He streaked his dry palm across the steamed up mirror and caught, for a moment, the peculiar glimmer of colour from within the steam cloud that was funnelling, like a mini tornado, out of the ventilation in the ceiling. Has anybody named these colours yet? Resentment spoiled his thoughts as he struggled to remember what colour Frankie’s eyes were. I will never see them again. I will never see that beautiful shade of green again. I’ll never see green again. Looking at his own eyes through the mirror with a feeling of suspended disbelief, as the eyes that stared back at him seemed not his own, seemed alien. His skin hung on his bones in an odd pale complexion. Not like the comfortable tan it used to be, now it wasn’t any shade he could describe.

At first it was difficult even just walking down the street. Women covering themselves from head to toe, in outfits like the Burkhas Muslim women wore even before the change. At times he found himself thinking that maybe it was for the best that Frankie got caught. That she wouldn’t have to live in this horrible and terrifying ‘colour’. He heard the news again coming from the bedroom but chose to tune it out again with another dismissive swipe across the palm-side of his wrist. Why am I going to work? he asked himself in a moment of self-pity, whilst he donned his shirt and tie and collected his tinfoil wrapped sandwich for the day and left his empty apartment. Of course he already knew the answer to that question, to bring hope to the young, he had heard Frankie saying it the first time he saw her in the staff room. Of course things were different back then, much different.
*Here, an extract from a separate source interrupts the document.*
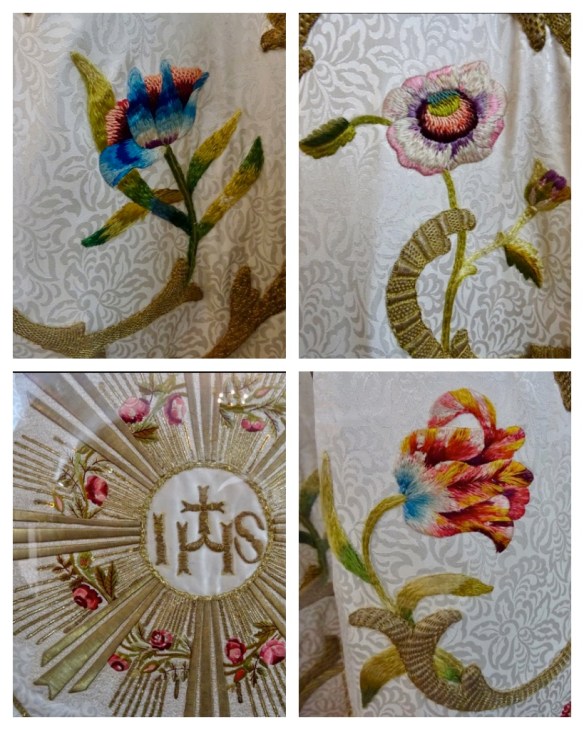 I think Bob has really become a gardener.  He started to weed the Bell Tower!The bells are very large and we are quite happy that they do not ring while we are up there.This is where we were standing in the last photo, in these archesThere are intricate floor mosaics from the 4th Century…and mosaics from the 6th Century cover the apse. They are incredibly detailed and very beautiful.There are nine Greek marble columns connected by arches on each side of the central nave.I really loved the way the light from the window shines on this Madonna.You might find this short video about the Basilicas interesting.Part of the Bishop’s Place in this complex has a little museum. The embroidery on these vestments was amazing…and I found this painting from the 15th Century very unusual. I will need to try to find out a bit more information about it.This depiction of the Crucifixion was from the 13th Century. I continue to be amazed that so many of these ancient works have survived all these years.This was a workroom off of one of the display rooms. I love peeking into these sorts of places. Here are some of Poreč’s streets.  We really enjoyed our time in this town.We sat in the sun having tea and watching some of the big yachts come and go. Their owners must have a lot with a lot more money than we do!On the way home we drive through some other small towns. We stop for a walk about in  Vrsar. Take a look the size of the boats docked here.This was something different to see.  Along the main road of a town called Flengi we saw  no fewer than twelve pigs being roasted in these big BBQ’s.

The car stopped in the departure bay, magnetically at exactly one meter away from Mr Greenwood’s vehicle. Jones waited for a moment before exiting, watching as Mr Greenwood struggled to squeeze his huge gut out of the petite sports car before it whipped away to the secure parking bay below. His car, Bella, beeped at him as a gentle reminder that his journey had reached its final destination. Reluctantly he slipped on his brave face and stepped out into the bustling community of education at Hawking’s Academy of Intellect. Bella whizzed away to park and recharge as he waved his wrist monitor at the doors before him, instantly they swished back open and allowed him to enter. The halls were still quiet, but the noise outside was growing as the clock counted down to 08.00. Just a few more minutes, he sighed as he quickly made a beeline for the staff room to put his tinfoil wrapped sandwich in the fridge. Mr Greenwood had beat him to it and was already pouring himself a coffee as Jones entered the sacred area of respite.

‘Oh, errr… Jones, how, how are you? I, we didn’t think you were coming back… so soon.’ Sweat glistened of his plump face as Jones slipped past him and placed his sandwich in the refrigerator.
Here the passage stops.